Information supplied:
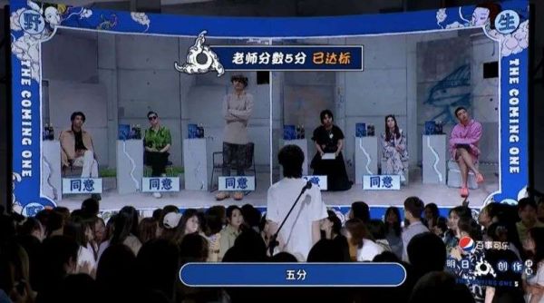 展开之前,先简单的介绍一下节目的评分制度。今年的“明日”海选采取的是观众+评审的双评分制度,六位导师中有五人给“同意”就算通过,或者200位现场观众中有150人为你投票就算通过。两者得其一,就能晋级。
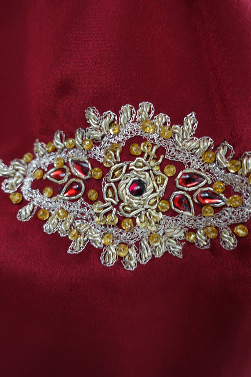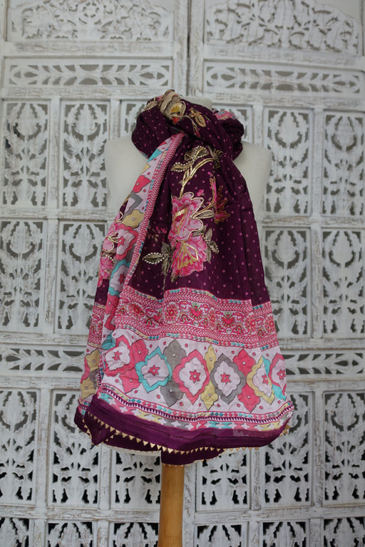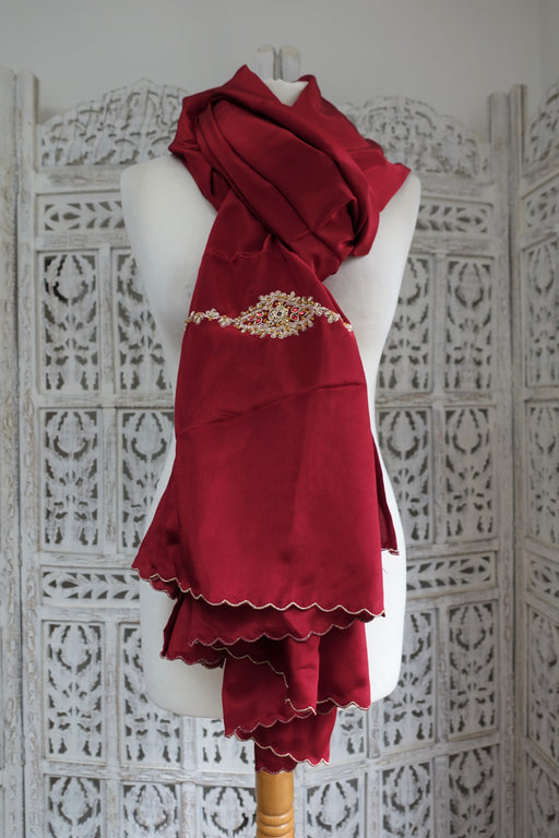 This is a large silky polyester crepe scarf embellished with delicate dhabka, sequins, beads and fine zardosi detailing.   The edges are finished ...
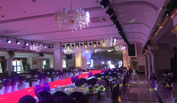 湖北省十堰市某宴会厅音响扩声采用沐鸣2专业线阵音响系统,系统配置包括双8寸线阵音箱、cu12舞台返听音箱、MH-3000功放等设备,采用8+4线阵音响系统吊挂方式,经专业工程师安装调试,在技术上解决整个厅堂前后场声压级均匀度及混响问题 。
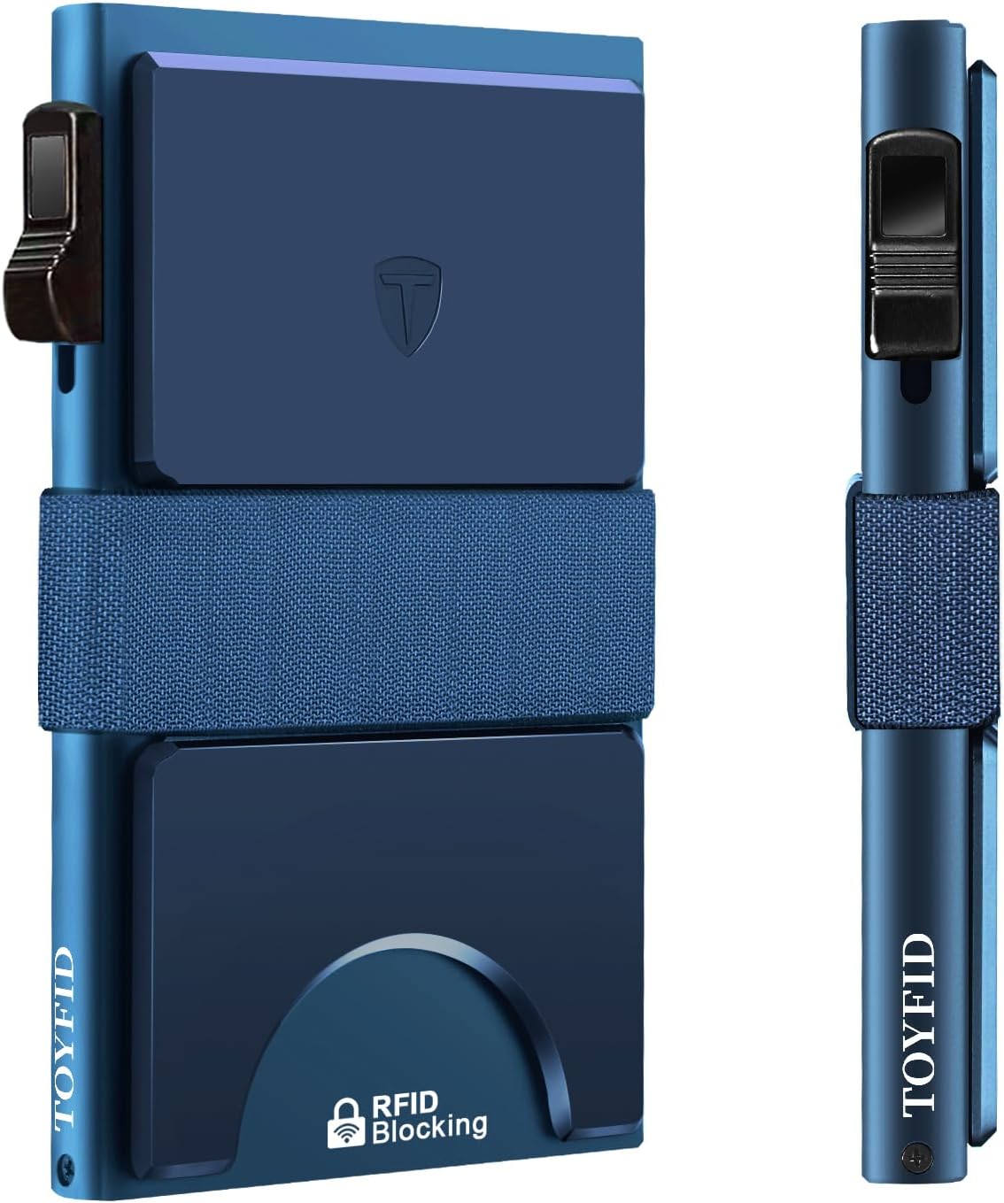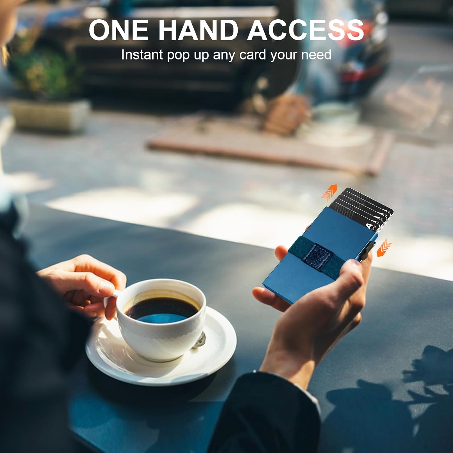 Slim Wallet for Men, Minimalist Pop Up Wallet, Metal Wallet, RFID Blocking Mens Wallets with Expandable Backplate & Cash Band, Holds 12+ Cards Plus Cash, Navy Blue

Exercise directions: Print every line above exactly as given, but not the pictures.

Result of this exercise:
 展开之前,先简单的介绍一下节目的评分制度。今年的“明日”海选采取的是观众+评审的双评分制度,六位导师中有五人给“同意”就算通过,或者200位现场观众中有150人为你投票就算通过。两者得其一,就能晋级。
 This is a large silky polyester crepe scarf embellished with delicate dhabka, sequins, beads and fine zardosi detailing.   The edges are finished ...
 湖北省十堰市某宴会厅音响扩声采用沐鸣2专业线阵音响系统,系统配置包括双8寸线阵音箱、cu12舞台返听音箱、MH-3000功放等设备,采用8+4线阵音响系统吊挂方式,经专业工程师安装调试,在技术上解决整个厅堂前后场声压级均匀度及混响问题 。
 Slim Wallet for Men, Minimalist Pop Up Wallet, Metal Wallet, RFID Blocking Mens Wallets with Expandable Backplate & Cash Band, Holds 12+ Cards Plus Cash, Navy Blue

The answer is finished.